In the data that follows, find the line with "La liste n’est"; transcribe it, every later line up to the one with "Mauro, originario de", and that line as well, exactly and with no others.

Data in this exercise ▸
• • • • • • •

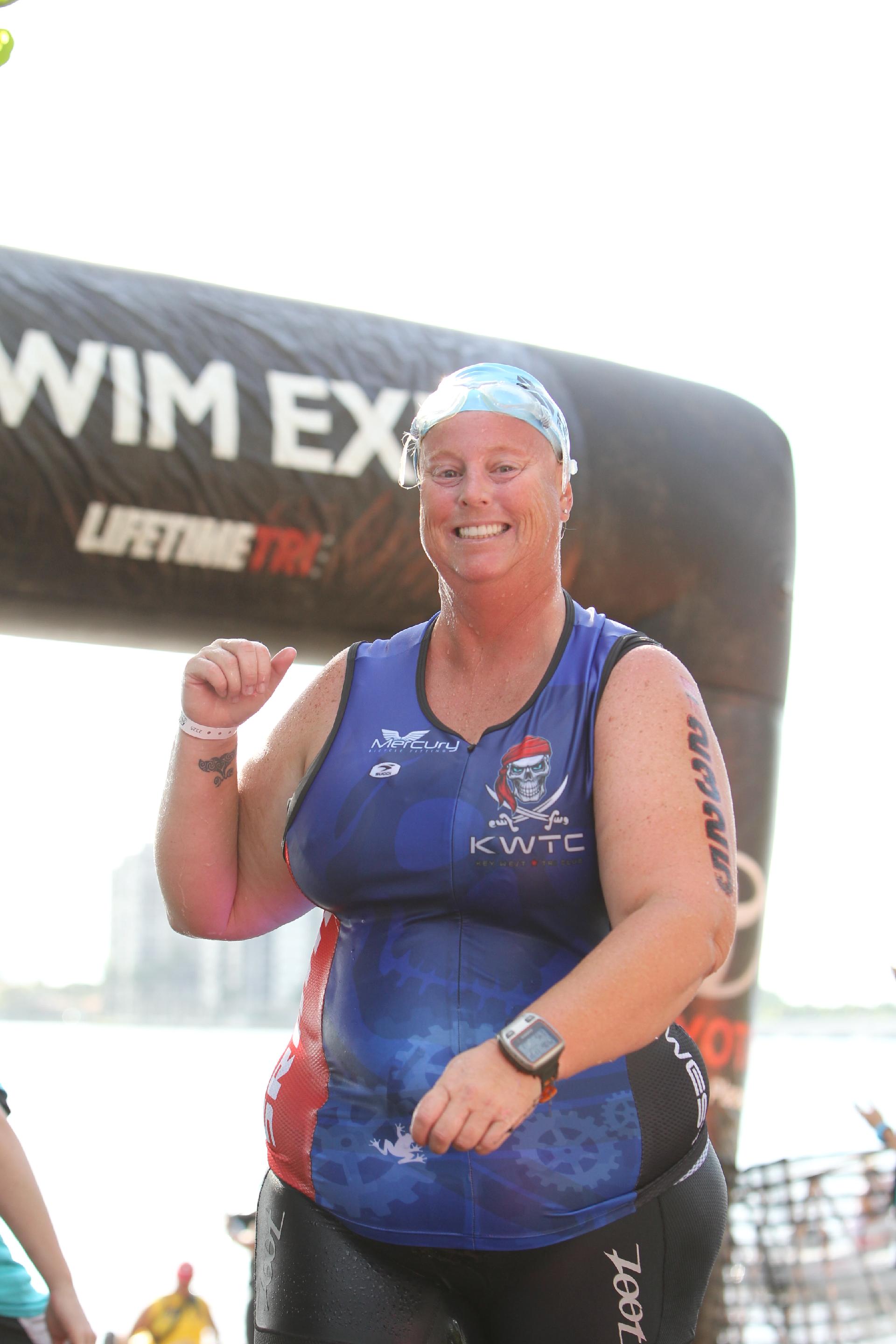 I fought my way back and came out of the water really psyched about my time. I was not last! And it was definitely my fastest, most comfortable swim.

• • • • • • •

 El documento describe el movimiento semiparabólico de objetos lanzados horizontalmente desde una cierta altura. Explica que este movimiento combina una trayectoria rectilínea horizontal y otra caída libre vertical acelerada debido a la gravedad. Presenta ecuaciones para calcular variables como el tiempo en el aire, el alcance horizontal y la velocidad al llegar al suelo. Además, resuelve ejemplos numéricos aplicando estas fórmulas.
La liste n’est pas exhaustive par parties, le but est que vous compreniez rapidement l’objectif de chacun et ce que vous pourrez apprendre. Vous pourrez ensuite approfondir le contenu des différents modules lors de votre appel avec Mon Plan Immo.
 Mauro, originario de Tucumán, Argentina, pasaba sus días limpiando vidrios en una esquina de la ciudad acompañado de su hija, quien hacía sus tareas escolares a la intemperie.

• • • • • • •

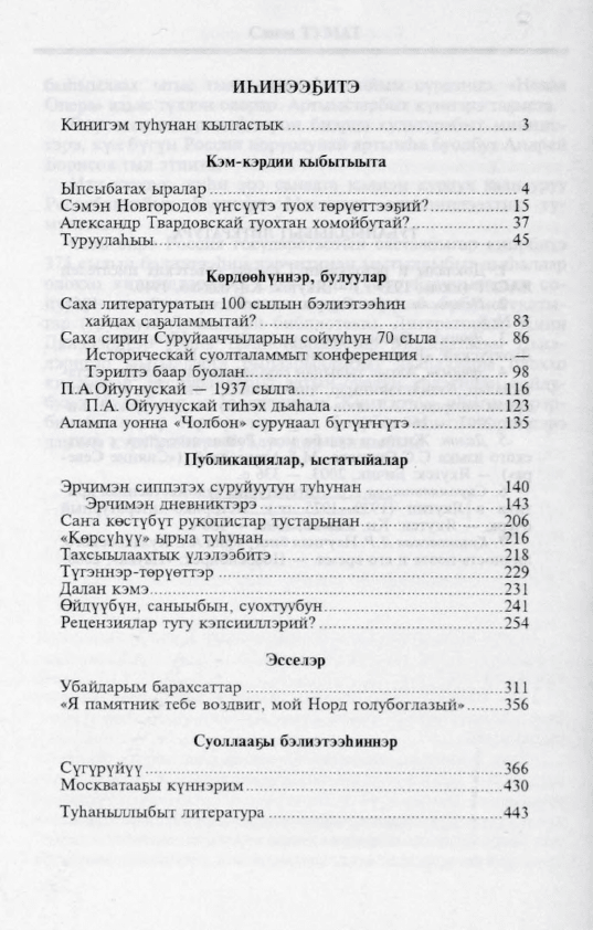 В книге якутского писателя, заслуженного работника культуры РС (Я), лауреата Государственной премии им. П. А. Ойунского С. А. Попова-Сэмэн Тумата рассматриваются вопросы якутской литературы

• • • • • • •

Completed exercise ▸
La liste n’est pas exhaustive par parties, le but est que vous compreniez rapidement l’objectif de chacun et ce que vous pourrez apprendre. Vous pourrez ensuite approfondir le contenu des différents modules lors de votre appel avec Mon Plan Immo.
 Mauro, originario de Tucumán, Argentina, pasaba sus días limpiando vidrios en una esquina de la ciudad acompañado de su hija, quien hacía sus tareas escolares a la intemperie.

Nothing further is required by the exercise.